Mon maître a appris aussi que M. Le Franc de Pompignan (quoiqu’il soit noyé) se comparait à Moïse, et que monsieur son frère l’évêque était Aaron ; il leur en fait ses compliments (4).

 

          Il a entendu parler aussi d’une pastorale de monsieur l’évêque, adressée aux habitants du Puy-en-Velay, par Monseigneur : Cortiat (5), secrétaire. On lui a mandé que dans cette pastorale il est question d’Aristophane, de Diagoras, du Dictionnaire encyclopédique, de Fontenelle, de La Motte, de Perrault, de Terrasson, de Boindin, du chancelier Bacon, de Descartes, de Malebranche, de Locke, de Newton, de Leibnitz, de Montesquieu, etc.

 

          Nous félicitons messieurs du Puy-en-Velay d’avoir lu les ouvrages de tous ces messieurs : tel pasteur, telles brebis. Mais mon maître n’entre dans aucune de ces querelles scientifiques ; il cultive la terre avec bien de la peine, et laisse les grands hommes éclairer leur siècle.

 

          Vous lui mandez que monsieur l’évêque d’Alais veut vous prendre pour secrétaire, en cas que vous ayez une attestation en bonne forme, que vous n’ayez point trahi les secrets de M. Le Franc de Pompignan : il vous envoie cette attestation, et il se flatte que quand vous serez à M. d’Alais vous ne ressemblerez pas à M. Cortiat, secrétaire.

 

 

P.S. – Je vous demande pardon, monsieur ; j’oubliais, dans les ouvrages de M. Le Franc de Pompignan, la Prière du déiste, qu’il a traduite de l’anglais (5).

 

 

1 – Voyez, sur le Franc de Pompignan, aux POÉSIES et au FACÉTIES.

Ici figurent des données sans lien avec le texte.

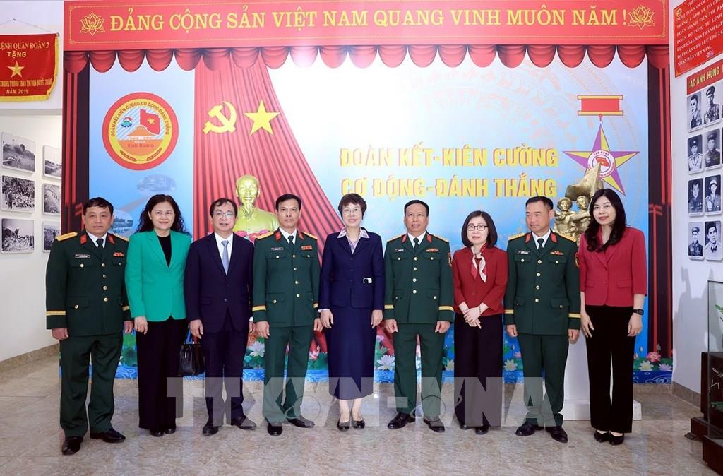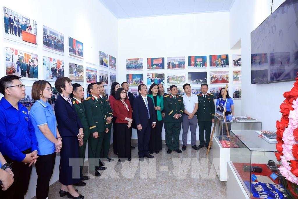 Lãnh đạo TTXVN và Sư đoàn Bộ binh 304 chụp ảnh chung tại Phòng truyền thống. Ảnh: Tuấn Anh - TTXVN

2 – C’est dans une lettre imprimée qu’il parle de sa bibliothèque.

3 – « 6°/ Une jolie femme très riche, très dévote, très aimable, qui pleure le soir et le matin d’avoir perdu ses chers amis, ses chers affidés ignaciens ; qui a donné un fils au seigneur de Pompignan, son digne époux, et qui se repent d’avoir cru épouser un Apollon, etc., etc. » Variante de 1766. (G.A.)

4 – C’est Dupré Saint-Maur qui, à la réception de Le Franc à l’Académie, avait fait cette belle comparaison. (G.A.)